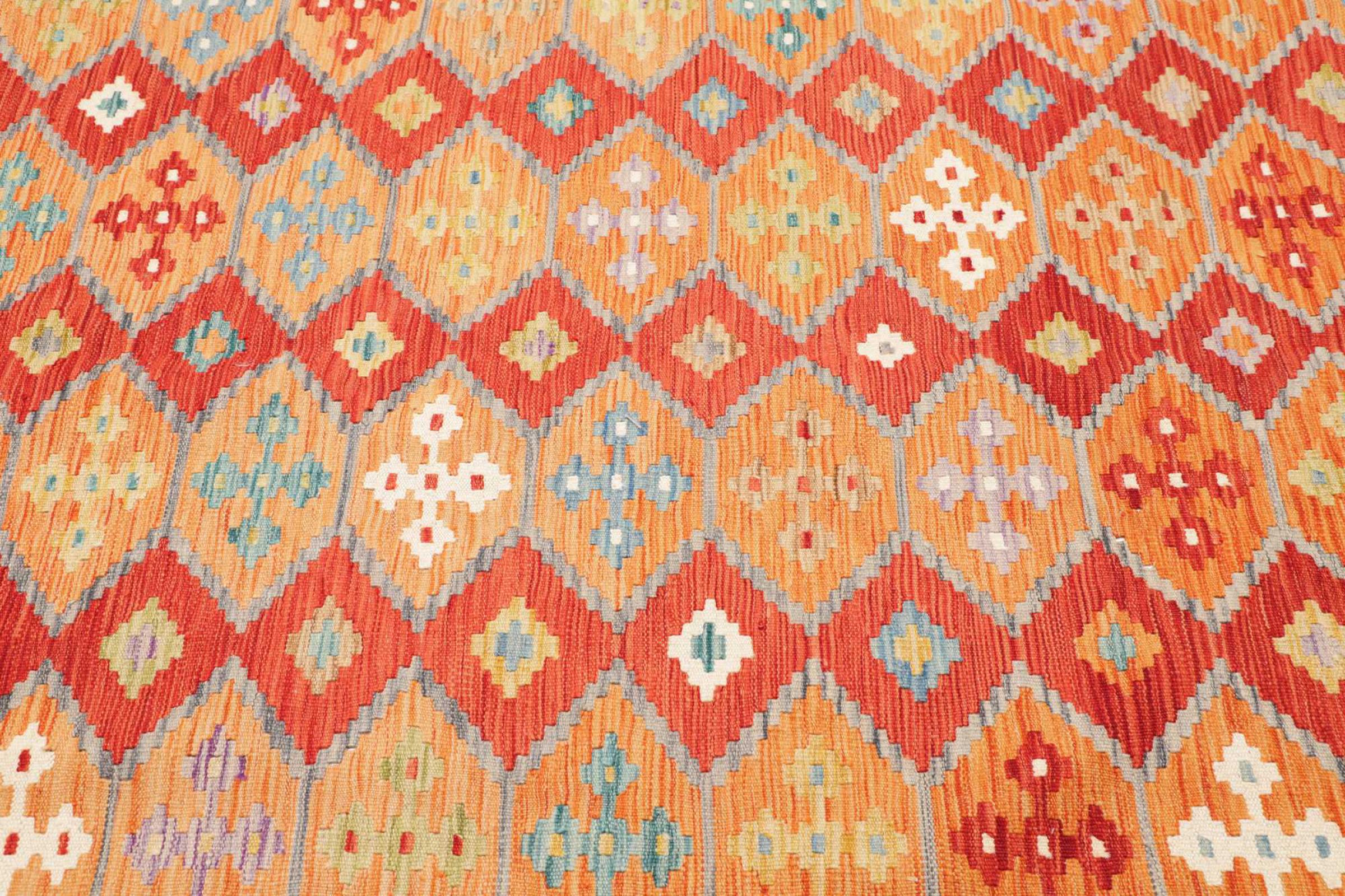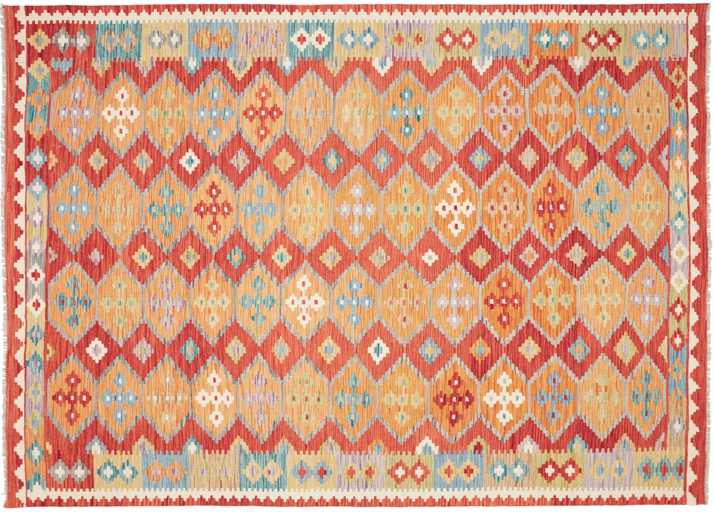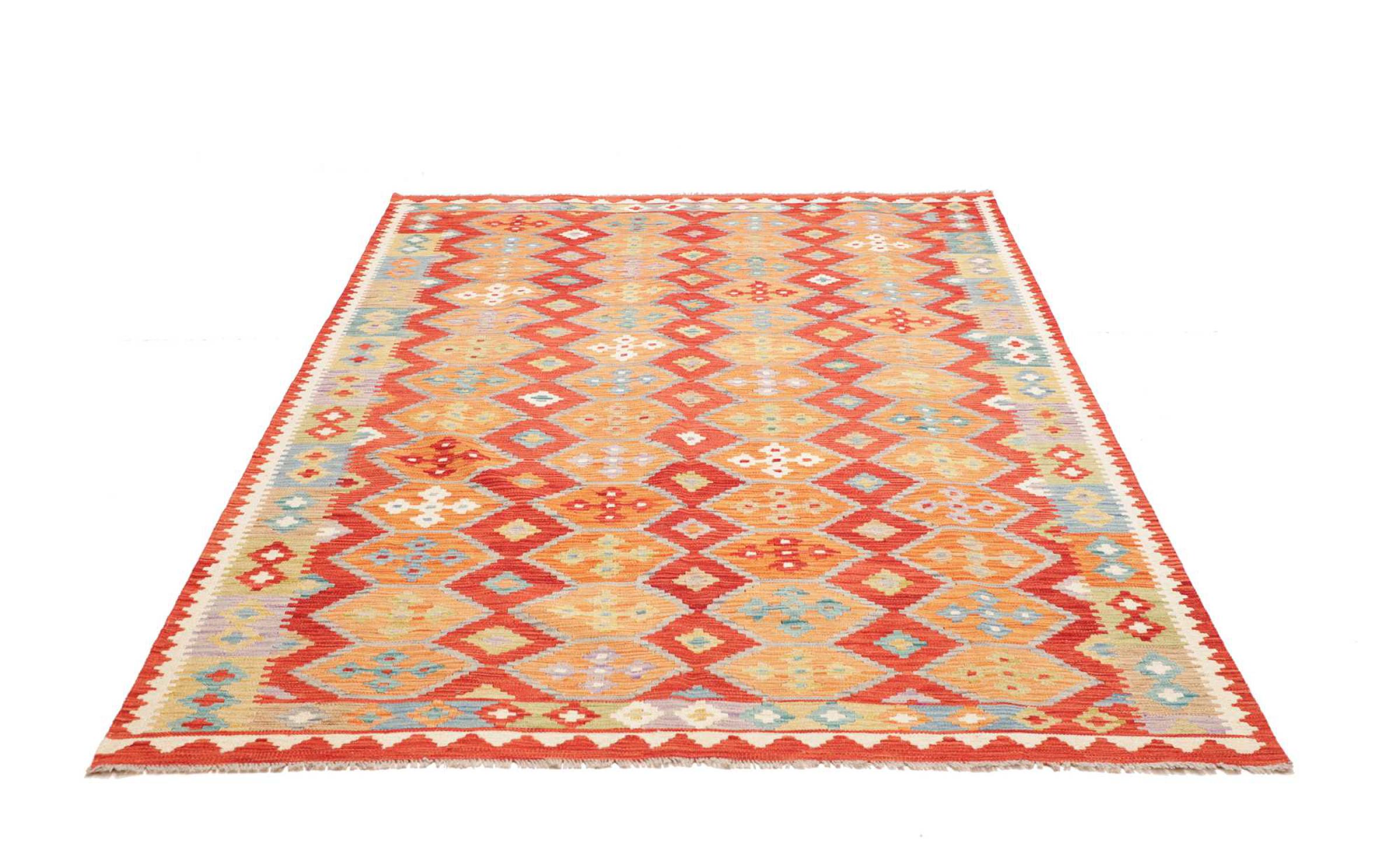 This rug was made as a flat weave by hand on a loom. Flatweave is the term used to describe rugs that have no pile. As the name promises, these rugs are woven and not knotted. This results in a flat rug with a structured surface. Flatweaves are not as soft and usually thinner than knotted rugs. At the same time they are much less complex to manufacture and can usually be laid out from both sides (front and back). Their patterns are usually geometric, which is determined by the fabric.
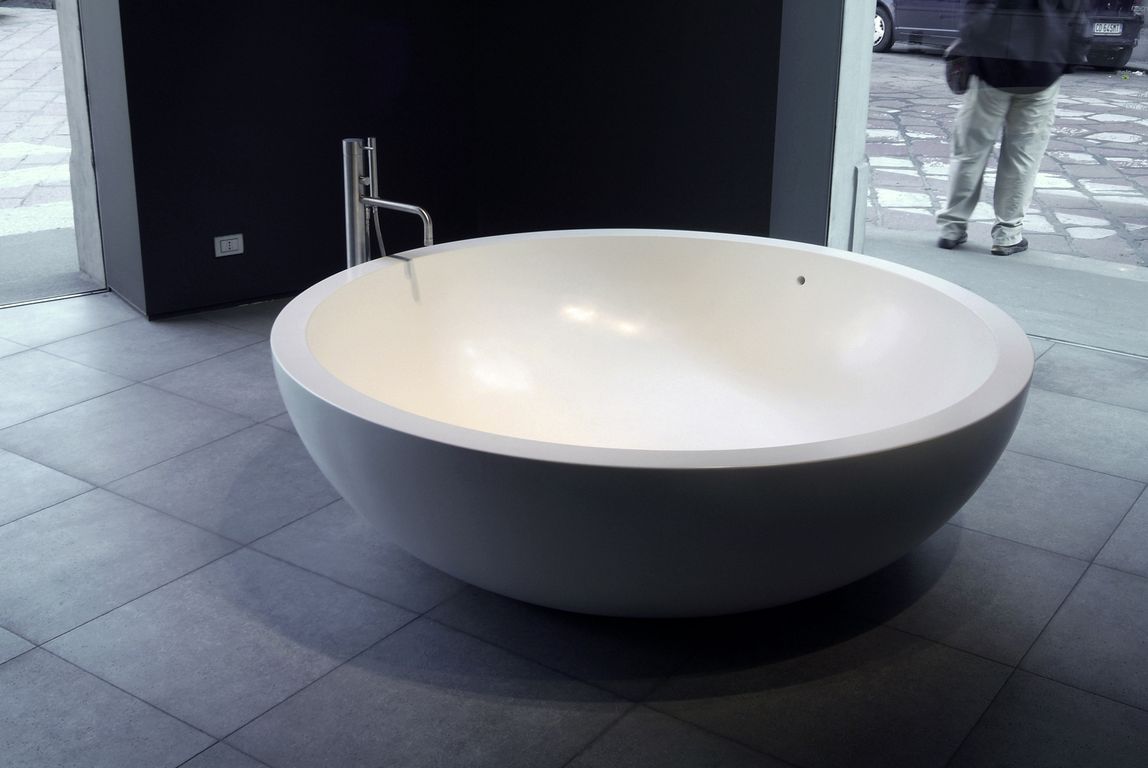 - Hình bầu dục. Tắm như vậy là thoải mái. Sự kết hợp hài hòa giữa chất liệu và hình thức làm cho nó trở nên hấp dẫn và sang trọng. Sử dụng thích hợp trong phòng lớn, lắp đặt bồn tắm trực tiếp ở giữa.
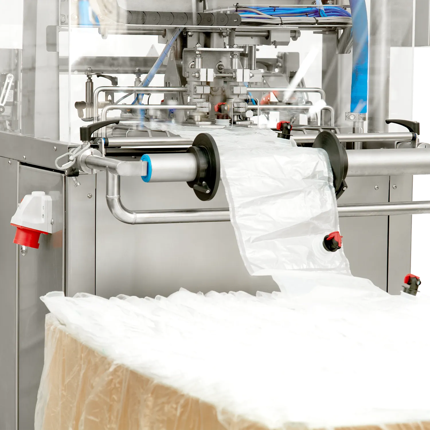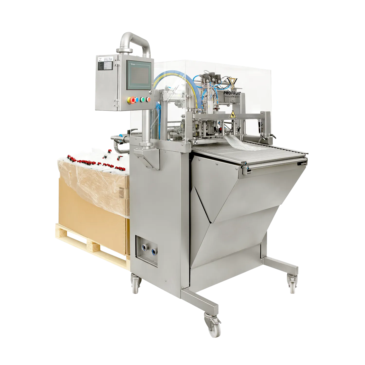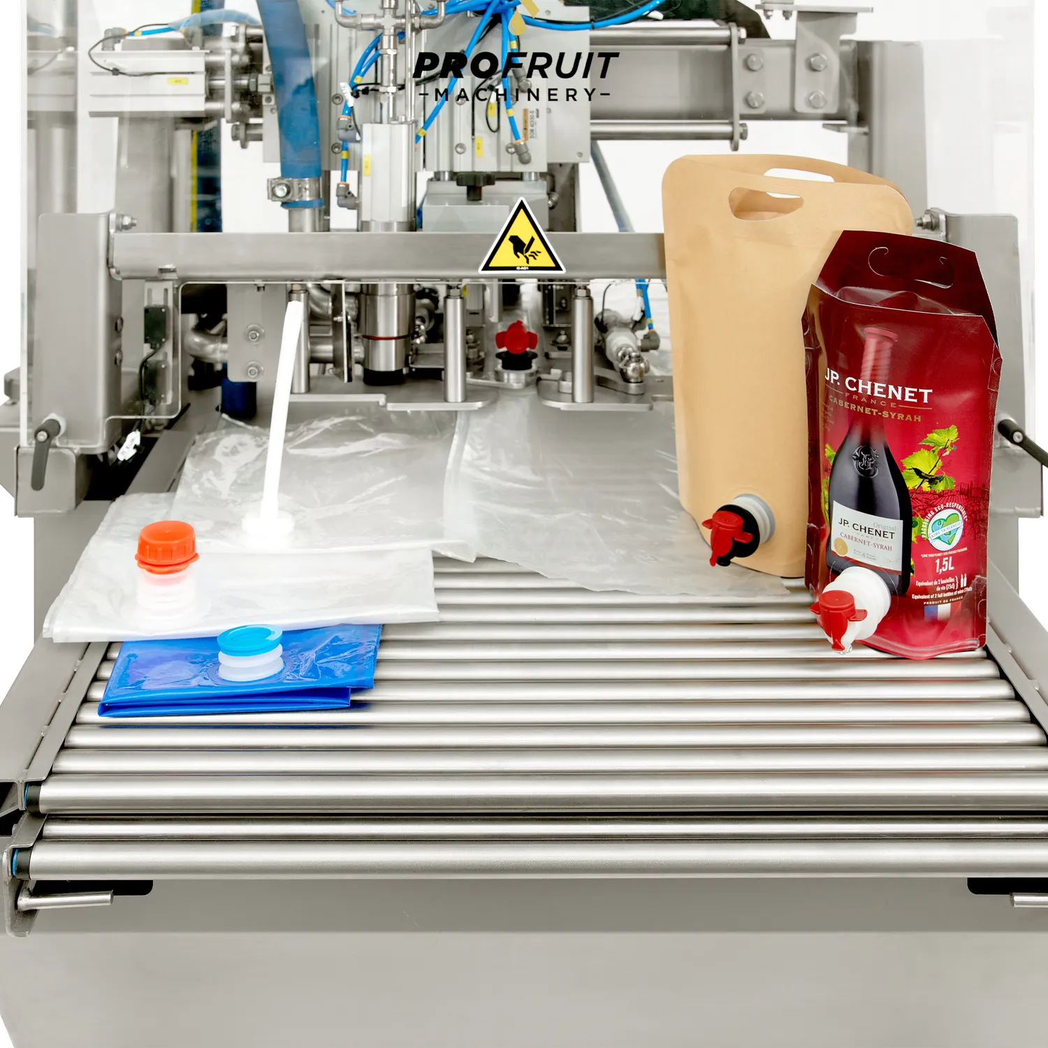 BIB fyllare Maxiflow är en helautomatisk och effektiv bag-in-box fyllare som är anpassad för att köra med sammanlänkade bag-in-box påsar (bag-in-web). När den första påsen har monterats i hållaren tar maskinen bort locket/tappkranen på påsen, fyller med äpplemust, vin eller annan produkt och sätter sedan tillbaka tappkranen. Påsen släpps från hållaren och nästa påse åker in för fyllning. Operatören av BIB fyllaren behöver endast riva av och plocka bort påsen när den är fylld. Denna effektiva arbetsgång gör att maskinen har en hög kapacitet på upp till 2000 liter per timme. BIB fyllare Maxiflow kan även fylla separata Bag in Box- eller Ståpåsar, för att göra det sätter du in en påse i fyllaren och trycker på START-knappen, maskinen tar sedan automatiskt bort kranen, suger ut luften ur påsen, fyller den med vätska och stänger påsen.

——

EXERCISE PROMPT: Please write out all the data word for word, but keep every picture out.

RESPONSE FOR THIS EXERCISE:
 This rug was made as a flat weave by hand on a loom. Flatweave is the term used to describe rugs that have no pile. As the name promises, these rugs are woven and not knotted. This results in a flat rug with a structured surface. Flatweaves are not as soft and usually thinner than knotted rugs. At the same time they are much less complex to manufacture and can usually be laid out from both sides (front and back). Their patterns are usually geometric, which is determined by the fabric.
 - Hình bầu dục. Tắm như vậy là thoải mái. Sự kết hợp hài hòa giữa chất liệu và hình thức làm cho nó trở nên hấp dẫn và sang trọng. Sử dụng thích hợp trong phòng lớn, lắp đặt bồn tắm trực tiếp ở giữa.
 BIB fyllare Maxiflow är en helautomatisk och effektiv bag-in-box fyllare som är anpassad för att köra med sammanlänkade bag-in-box påsar (bag-in-web). När den första påsen har monterats i hållaren tar maskinen bort locket/tappkranen på påsen, fyller med äpplemust, vin eller annan produkt och sätter sedan tillbaka tappkranen. Påsen släpps från hållaren och nästa påse åker in för fyllning. Operatören av BIB fyllaren behöver endast riva av och plocka bort påsen när den är fylld. Denna effektiva arbetsgång gör att maskinen har en hög kapacitet på upp till 2000 liter per timme. BIB fyllare Maxiflow kan även fylla separata Bag in Box- eller Ståpåsar, för att göra det sätter du in en påse i fyllaren och trycker på START-knappen, maskinen tar sedan automatiskt bort kranen, suger ut luften ur påsen, fyller den med vätska och stänger påsen.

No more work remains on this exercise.